WHAT YOU HAVE TO DO: Among the entries below, retype exactly the lines starting with the one with "CORSO MANFREDI : locale" and going on through the one with "(8)將所有攪拌好的原子灰全部舀起,以方便刮涂。", but not the pictures.
───── RECORD EXCERPTS
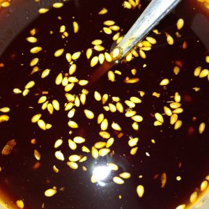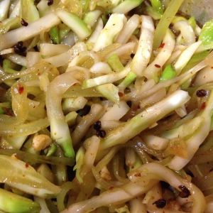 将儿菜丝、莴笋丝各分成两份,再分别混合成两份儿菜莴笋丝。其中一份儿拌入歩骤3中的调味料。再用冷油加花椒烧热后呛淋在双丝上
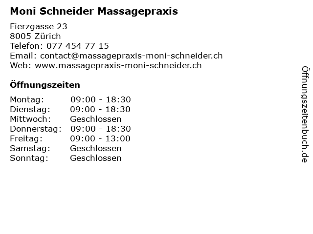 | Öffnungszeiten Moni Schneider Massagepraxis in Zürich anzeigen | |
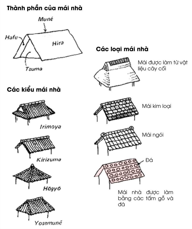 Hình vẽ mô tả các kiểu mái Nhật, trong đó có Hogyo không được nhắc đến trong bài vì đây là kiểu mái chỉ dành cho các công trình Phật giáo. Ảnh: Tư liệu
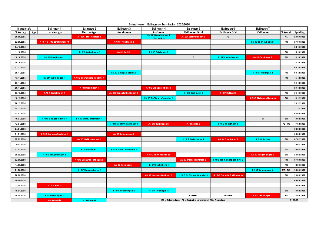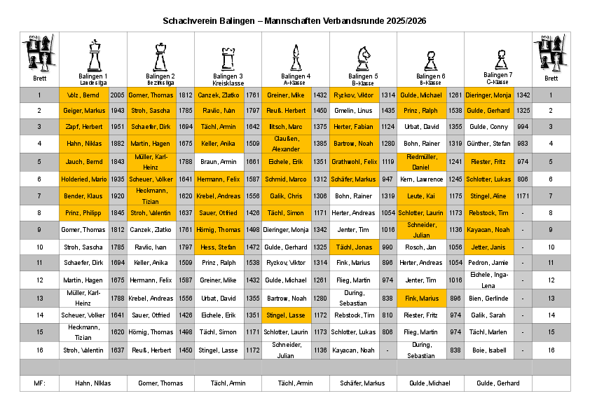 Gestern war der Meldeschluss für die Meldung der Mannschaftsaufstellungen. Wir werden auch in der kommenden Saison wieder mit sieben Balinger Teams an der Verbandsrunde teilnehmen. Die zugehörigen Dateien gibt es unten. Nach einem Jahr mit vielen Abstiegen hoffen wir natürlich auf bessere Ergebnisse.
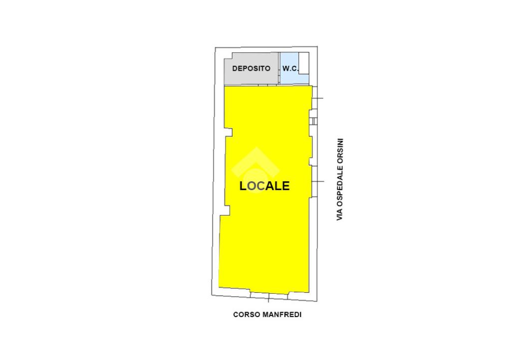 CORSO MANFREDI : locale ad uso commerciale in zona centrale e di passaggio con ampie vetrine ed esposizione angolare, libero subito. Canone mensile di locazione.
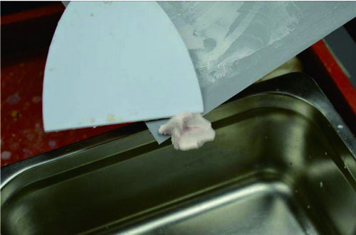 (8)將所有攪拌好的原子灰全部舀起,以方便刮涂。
──────────
───── RECORD EXCERPTS
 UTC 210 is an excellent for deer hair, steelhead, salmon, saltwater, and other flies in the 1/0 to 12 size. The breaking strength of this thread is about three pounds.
──────────
───── RECORD EXCERPTS
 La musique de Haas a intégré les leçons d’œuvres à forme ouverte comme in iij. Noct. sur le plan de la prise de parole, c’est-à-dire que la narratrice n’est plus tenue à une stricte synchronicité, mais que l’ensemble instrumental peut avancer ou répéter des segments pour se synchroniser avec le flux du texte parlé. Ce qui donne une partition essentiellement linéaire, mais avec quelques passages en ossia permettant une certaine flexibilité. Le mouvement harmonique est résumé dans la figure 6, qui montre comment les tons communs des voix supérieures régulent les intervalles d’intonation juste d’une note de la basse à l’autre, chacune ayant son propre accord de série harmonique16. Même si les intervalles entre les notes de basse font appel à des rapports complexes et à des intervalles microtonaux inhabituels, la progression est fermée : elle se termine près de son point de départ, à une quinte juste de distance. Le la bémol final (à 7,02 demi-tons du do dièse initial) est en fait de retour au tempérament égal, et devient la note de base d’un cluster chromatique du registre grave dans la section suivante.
──────────
WRITTEN REPLY:
 CORSO MANFREDI : locale ad uso commerciale in zona centrale e di passaggio con ampie vetrine ed esposizione angolare, libero subito. Canone mensile di locazione.
 (8)將所有攪拌好的原子灰全部舀起,以方便刮涂。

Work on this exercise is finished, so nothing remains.